All Saints’ Day

Here is my sermon from today, All Saints’ Day:

When through fiery trials…”
      
 
Two weeks ago, the chapel at the Virginia Seminary was caught up in flames and destroyed by a fire.  As my friends began to call and we shared our collective memories of that place, I found myself singing an old Baptist hymn:
When through fiery trials thy pathway shall lie,
My grace all sufficient shall be thy supply.
The flame shall not hurt thee; I only design
                                                      Thy dross to consume and thy gold to refine.
When through fiery trials thy pathway shall lie.  What had stood as the place of prayer and refuge for 129 years of seminarians was consumed with flame.  The remains now stand as an empty shell, a burned out hulk, a reminder that all around is us ever on the verge of destruction.

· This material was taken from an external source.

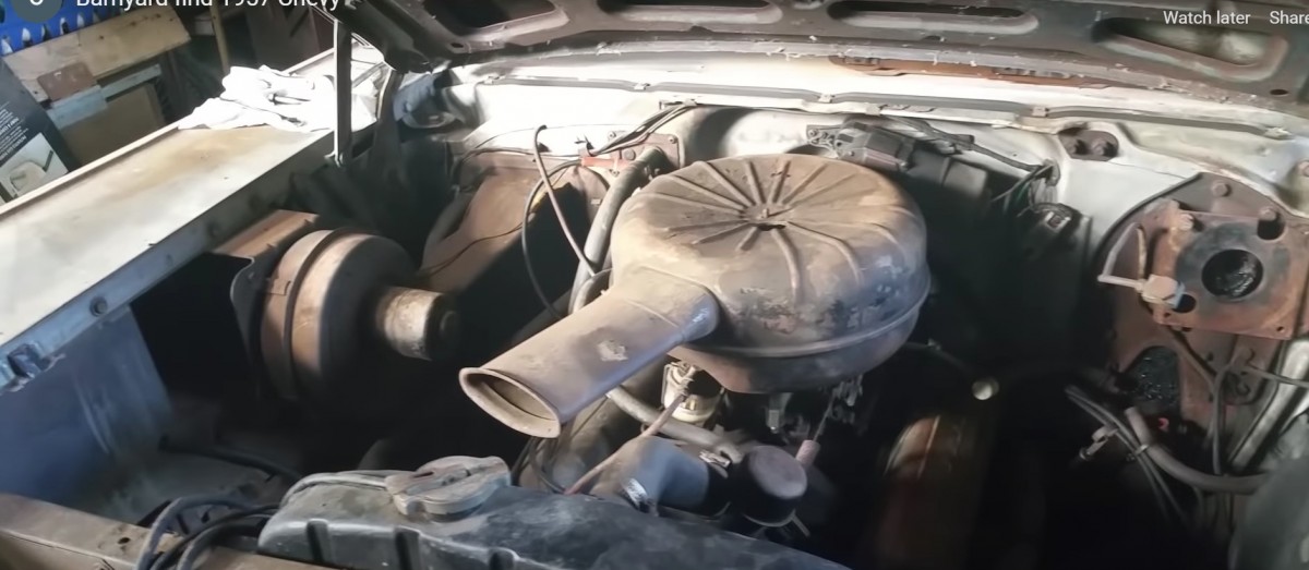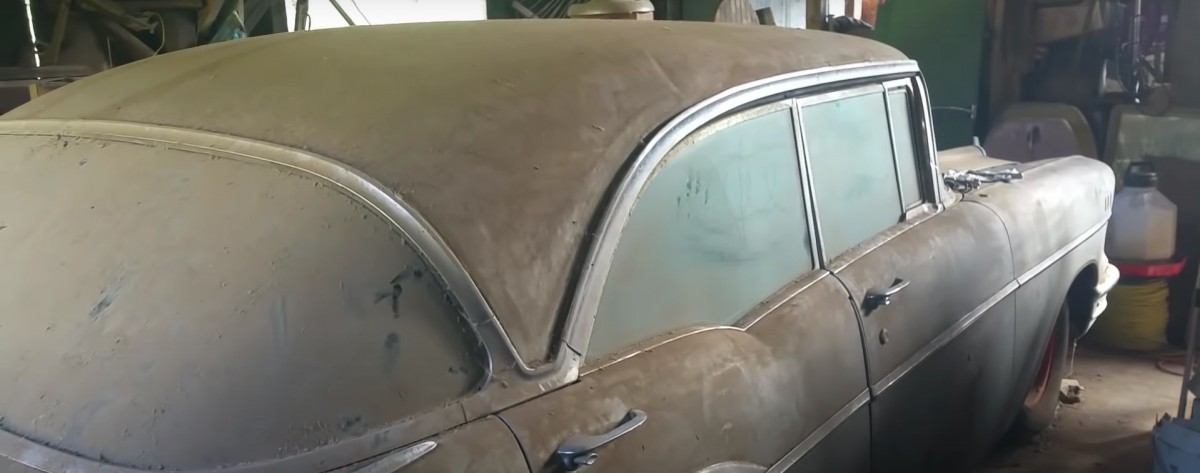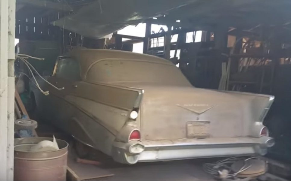 This old Bel Air is one of the famous Tri-Five Chevrolets that were built between 1955-57. Overall production for the three model runs was more than 4.5 million units, in 150/210/Bel Air trim. 1.56 million were built in 1957 alone, including this hardtop with four doors that would have been one of 142,500 assembled that year. Under all that dirt, it may still be in good condition, with what may have been two-tone paint at some point. The storyteller pops open the hood and reveals what appears to be a 265 cubic inch V8. We don’t get a peek at what the interior looks like after all this time.

My grace all sufficient shall be thy supply.  Just because the chapel is now unsuitable does not mean that the Virginia Seminary has stopped praying.  In fact, in the hours and days immediately after the blaze, the seminary community recommitted itself to God’s grace.  True, the chapel is gone, but the prayers of Christians go on and on and on.
The flame shall not hurt thee.  No one was harmed in the fire.  A few hearts were broken, some tears were shed, some embraces were shared.  But even the heat of that old brick and mortar going up in smoke could not melt the faithfulness and resolve of the seminary community. 
I only design thy dross to consume and thy gold to refine.  You know what, maybe we didn’t need that chapel after all.  Maybe what had been ignited and consumed was our unnatural attachment to an old building.  Maybe what had been refined was our understanding that the church is not a building.  The body of Christ is not made of brick and mortar, bolts and nails. 
What I saw in the fire was this: as the smoke was rising, I saw the prayers of all the saints who had ever stepped foot in that chapel, ascending to heaven.  The pop and crackle as the stained glass windows were melting were the songs of the saints making known their love for God.  The sirens of the fire trucks were the reminders that yes indeed, it is dangerous to be a saint, because sometimes we have to learn these hard lessons.
But the saints of God already know this.  Look around you, all those who have come before know this.  And those who come after us will learn this.  That even if all the chapels, all the churches, all the cathedrals in the world were to be consumed in a catastrophic fire, the saints of God would remain.  They would continue praying, continue worshipping, continue loving one another as Christ has loved us. 
This is what it means to be a saint.  That our faith in God is sounder than brick and mortar.  That our love for one another is stronger than steel.  And that the real fire is started by the Holy Spirit, and resides in our hearts and in all the Body of Christ.